Steve-O: I've been lokking for this! Ah! Put some god damn clothes on you sicko!

Miley: I'm naked on a wrecking ball showing off my pale boobs and butt. Now I'm dry humping a broken wall. I went from Disney to twerk crazed and skanky. I need to get therapy.

Ron Jememy: Excuse me I'm here for the porn. Bend over girl let's make this quick.

Miley: What do you mean? This is not porn.

Ron: Then why the hell are you naked?

Miley: Because I'm a wannabe whore who sluts it up to get more veiws.

Ron: So that mean we don't have to screw? Thank God!

Miley: Excuse me!

Ron: You are too dirty for Ron Jeremy sorry sweetie it's true.
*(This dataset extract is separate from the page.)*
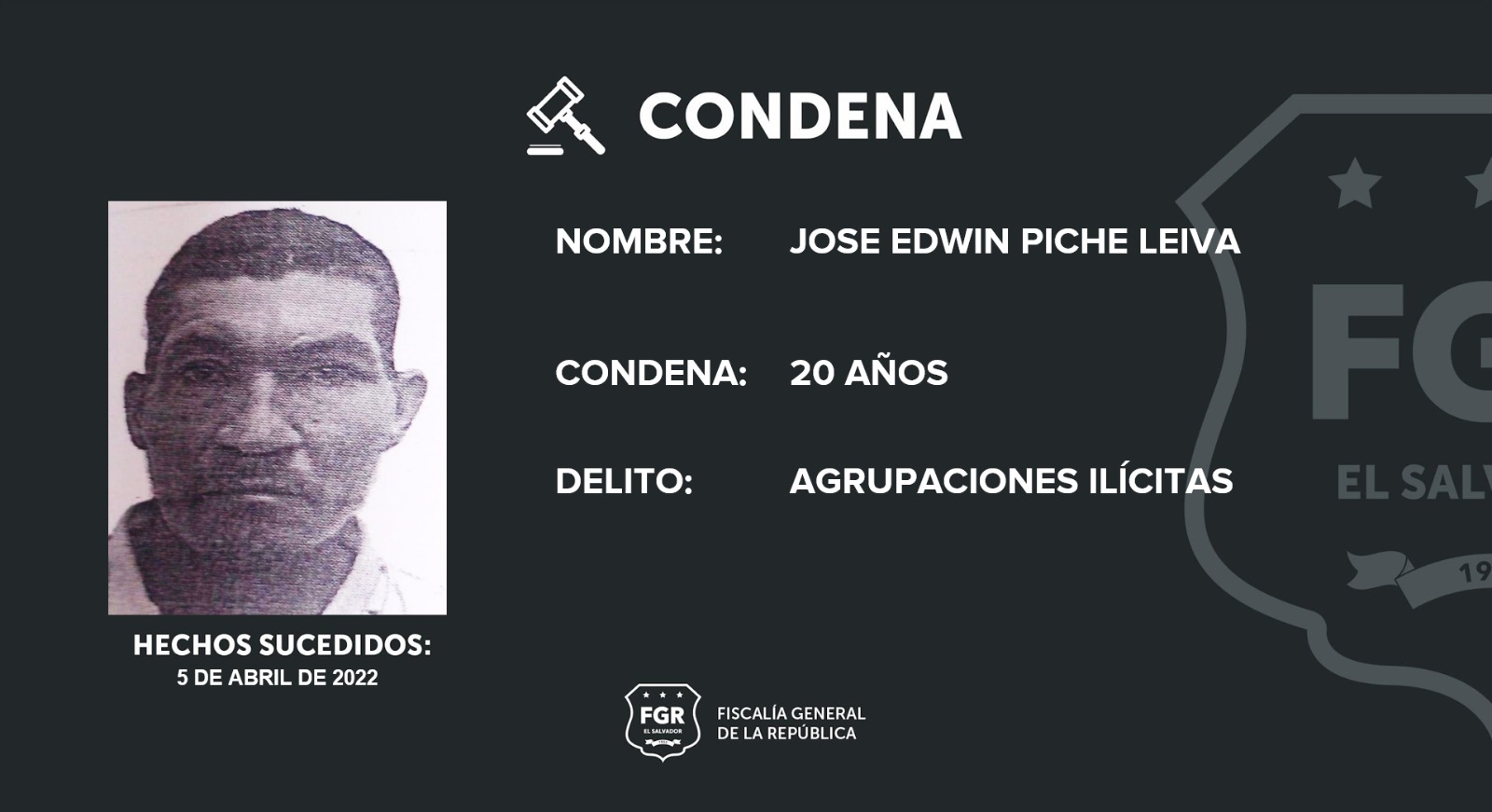 Piche Leiva fue detenido y ahora condenado, gracias al régimen de excepción, que ha permitido procesar penalmente a los miembros de pandilla por su pertenencia a la misma.

Miley: I ruined a beautiful song with a disgusting video

Constrution worker #1: Ok this has gotten way too long! You need to get off of our construction site

Construction Worker #2: How do you expect us to work with a crazy anorexic chick swinging naked from our equiptment?

Construction Worker #1: And licking and humping everything she sees.

Miley: Sorry but I'm not leaving.

Construction Worker #2: Oh no, now she is twerking

Both Constuction Workers: Dear God, just kill us now please!